◆ **Exercise goal**
In the listing that follows, retype every line from the first through the one containing "Margherita aveva appena". Pictures are to be left out.

◆ **Data block**
⁂

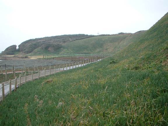 爪木崎の駐車場から灯台の有る丘を見ると、やっぱし昔と違います。
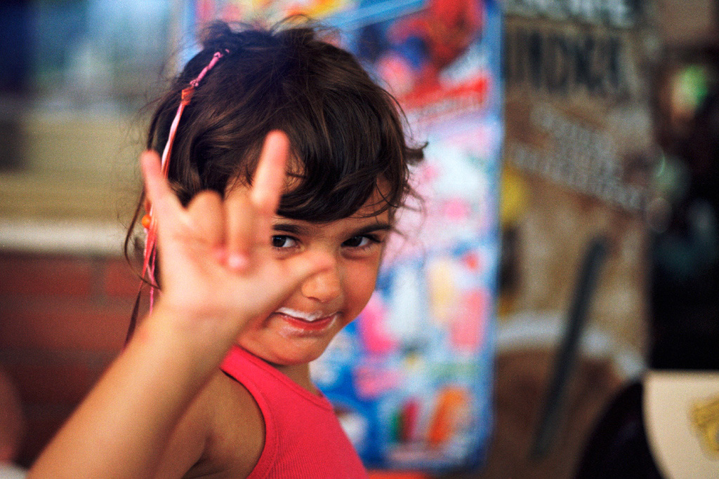 Margherita aveva appena imparato il gesto delle rockstar, e adolcita da un buon gelato, mi ha regalato un bel (i love you).
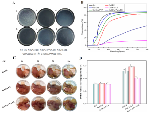 肉类易腐烂,当肉类发生微生物降解时,所产生的挥发性碱性氮(如三甲胺、氨气等)会使环境的pH值发生变化。花青素作为一种pH敏感材料,在不同的酸碱环境中其结构上的可逆变化会产生不同颜色。据此,研究团队设计了一种pH响应型智能食品包装膜,实现了对食品质量的可视化颜色响应监测。该研究采用荔枝壳提取物中的花青素(LE)作为pH指示剂,明胶(Gel)、壳聚糖(Csa)和聚乙烯醇(PVA)作为基体,制备了智能食品包装膜(Gel/Csa/PVA/LE)。Gel/Csa/PVA/LE具有pH响应性,在4 ℃和25 ℃的条件下能够快速地随着鱼肉腐败程度变色,实时反映食品的质量变化。此外,Gel/Csa/PVA/LE还具有较强的紫外光阻隔性能,能够有效降低因紫外光诱导细胞发生脂质过氧化反应,减缓食物腐败;同时还表现出优异的抗菌抗氧化性和力学性能,在肉类食品包装膜领域具有一定的应用前景。
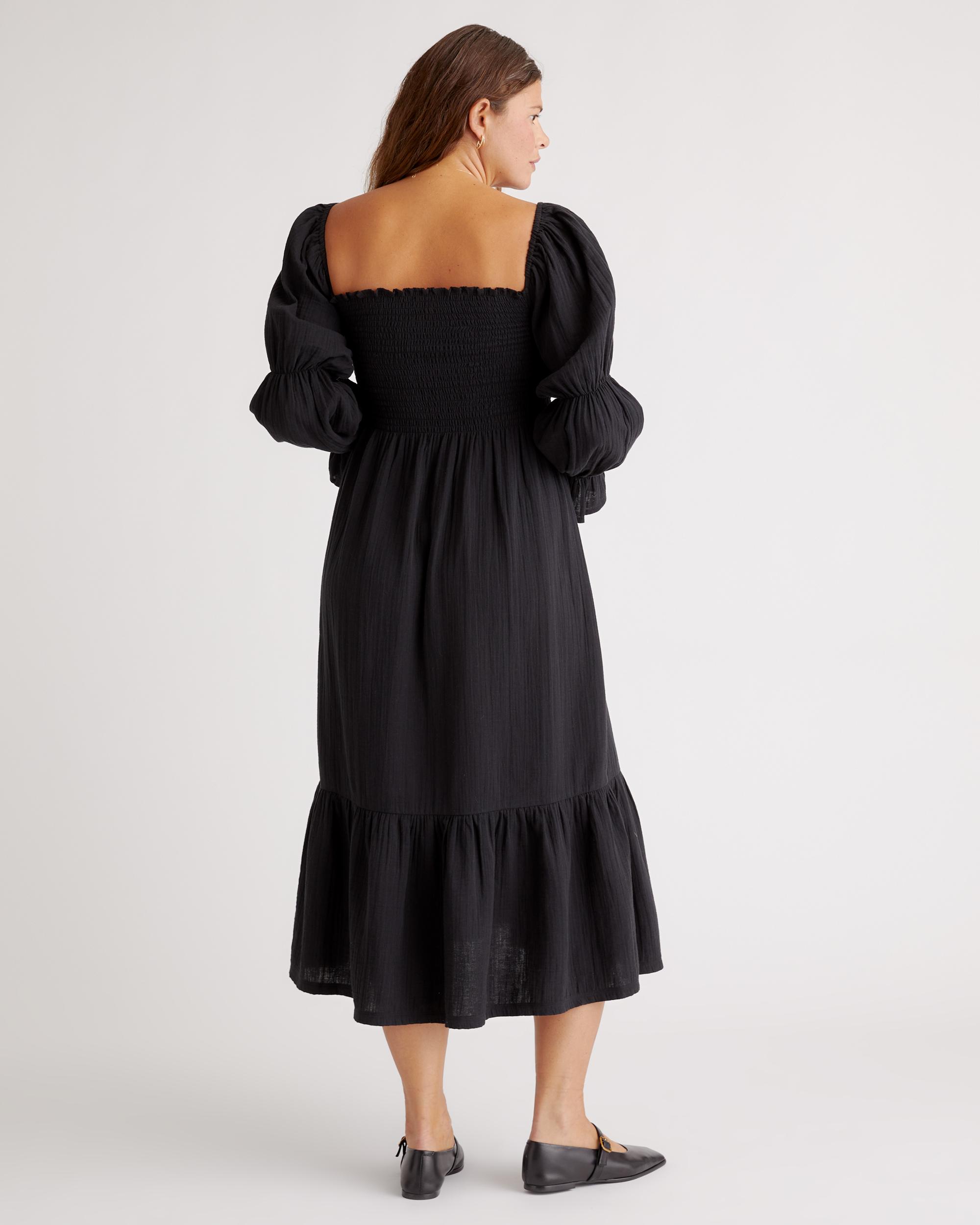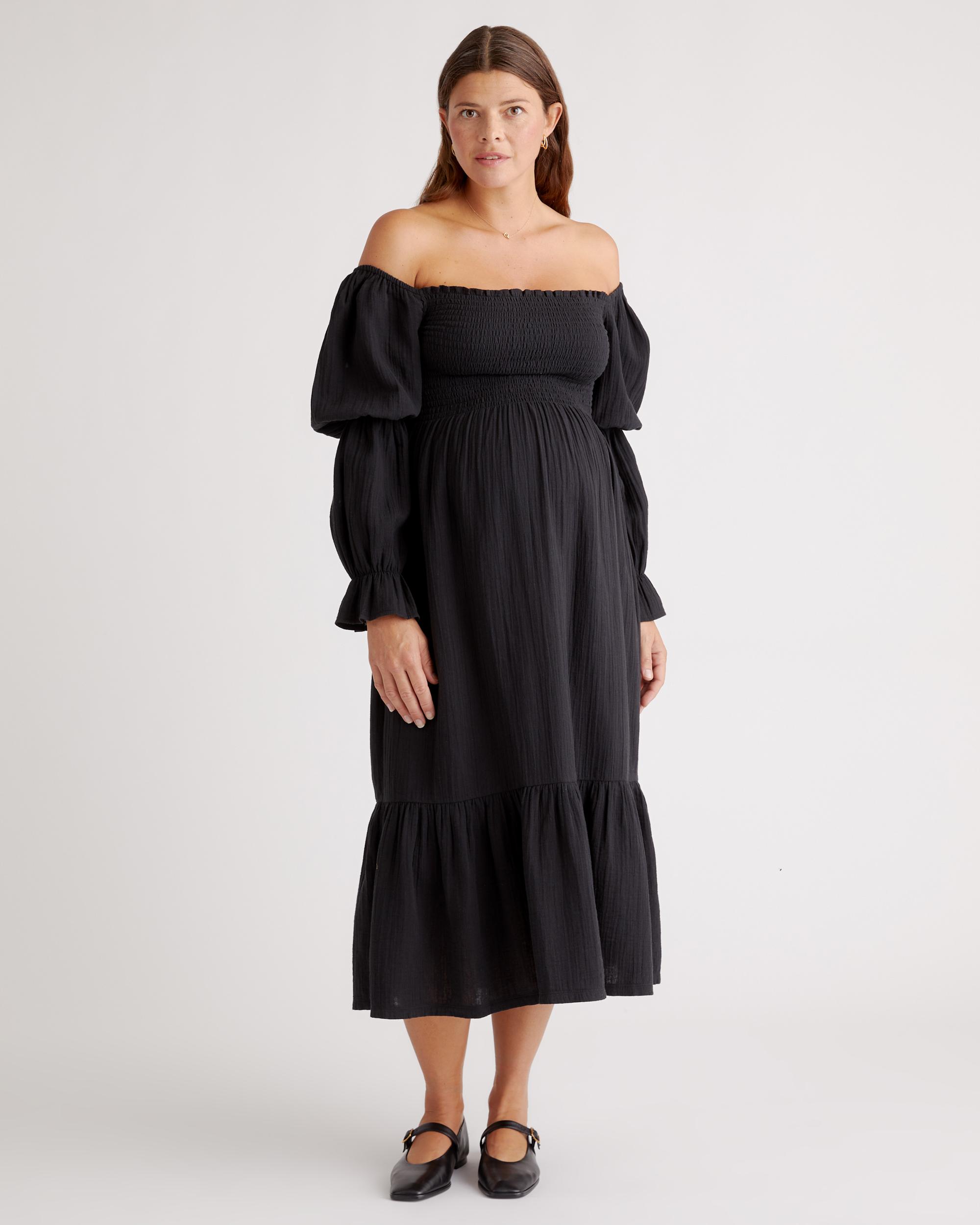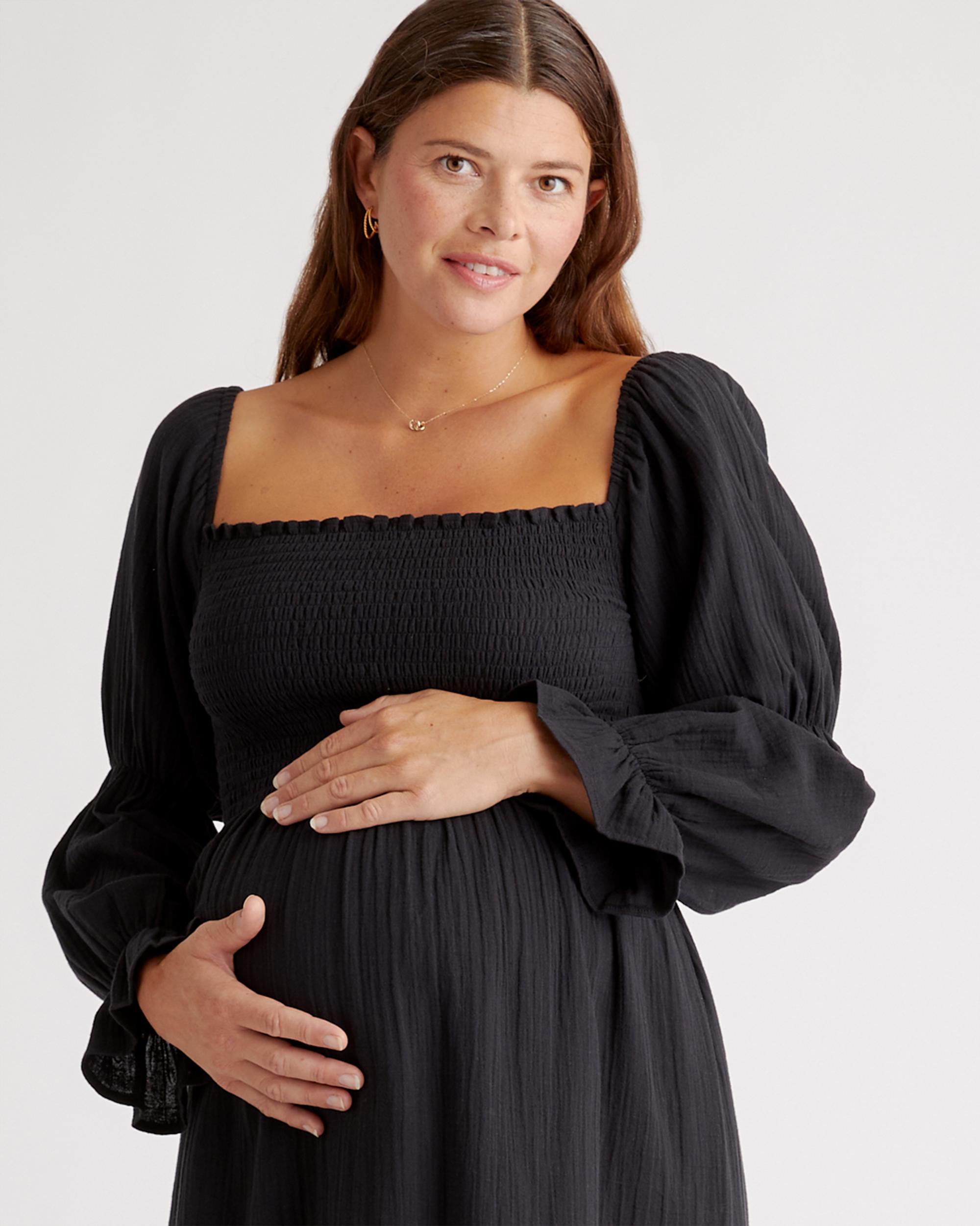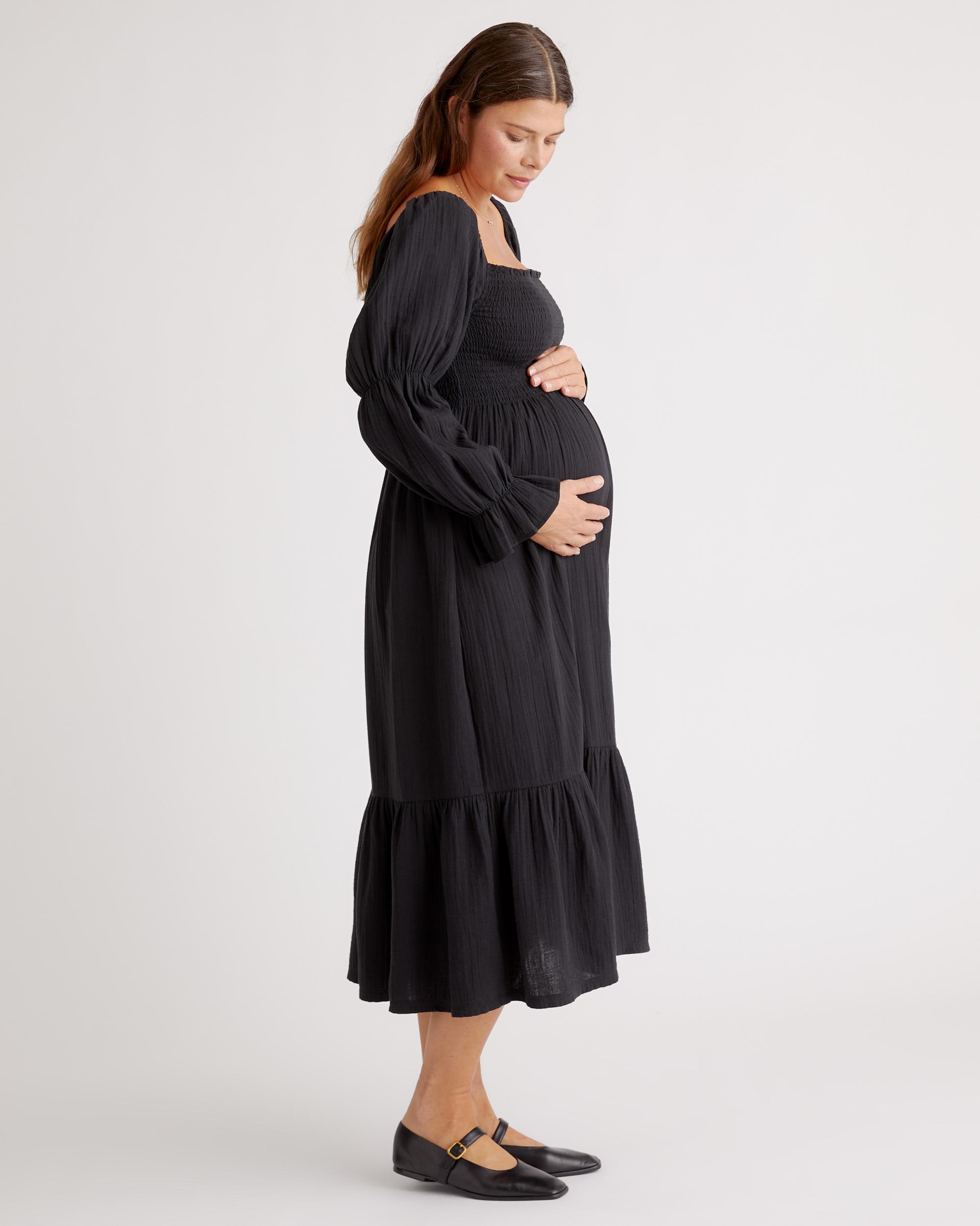 Breezy, beautiful, and made for motherhood—this smocked midi dress is perfect for all your summertime events. Crafted from 100% organic cotton gauze, it’s naturally breathable, lightweight, and gentle on sensitive skin, making it ideal for warm days or layering through the seasons. A stretchy smocked bodice adapts to your changing shape, offering a flattering, flexible fit before, during, and after pregnancy. | Quince | Women's Gauze Maternity Smocked Midi Dress in Black, Size Medium, Organic Cotton

⁂

◆ **Written response**
 爪木崎の駐車場から灯台の有る丘を見ると、やっぱし昔と違います。
 Margherita aveva appena imparato il gesto delle rockstar, e adolcita da un buon gelato, mi ha regalato un bel (i love you).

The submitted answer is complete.